[Opening Data extract section]
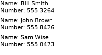 Item { ListView { width: 180; height: 300 model: ListModel { ListElement { name: "Bill Smith" number: "555 3264" } ListElement { name: "John Brown" number: "555 8426" } ListElement { name: "Sam Wise" number: "555 0473" } } delegate: Text { width: 180 height: 30 text: model.name + ": " + model.number } } }
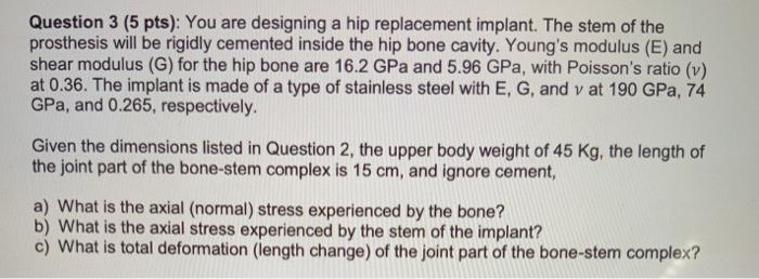 - Question 3 5 Pts You Are Designing A Hip Replac Chegg Com - How To Use Prosthesis In A Sentence.
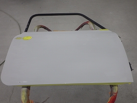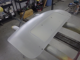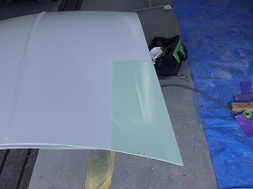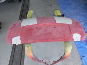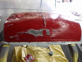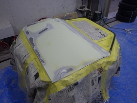 乾燥後、へこみのあると所にパテ付け作業を行いました。
[Closing Data extract section]
→ **What is expected**: Go to the line containing "- Question 3", then write out word for word every line from there to the end of the listing. Keep both end lines and drop the pictures.

→ **Response**:
 - Question 3 5 Pts You Are Designing A Hip Replac Chegg Com - How To Use Prosthesis In A Sentence.
 乾燥後、へこみのあると所にパテ付け作業を行いました。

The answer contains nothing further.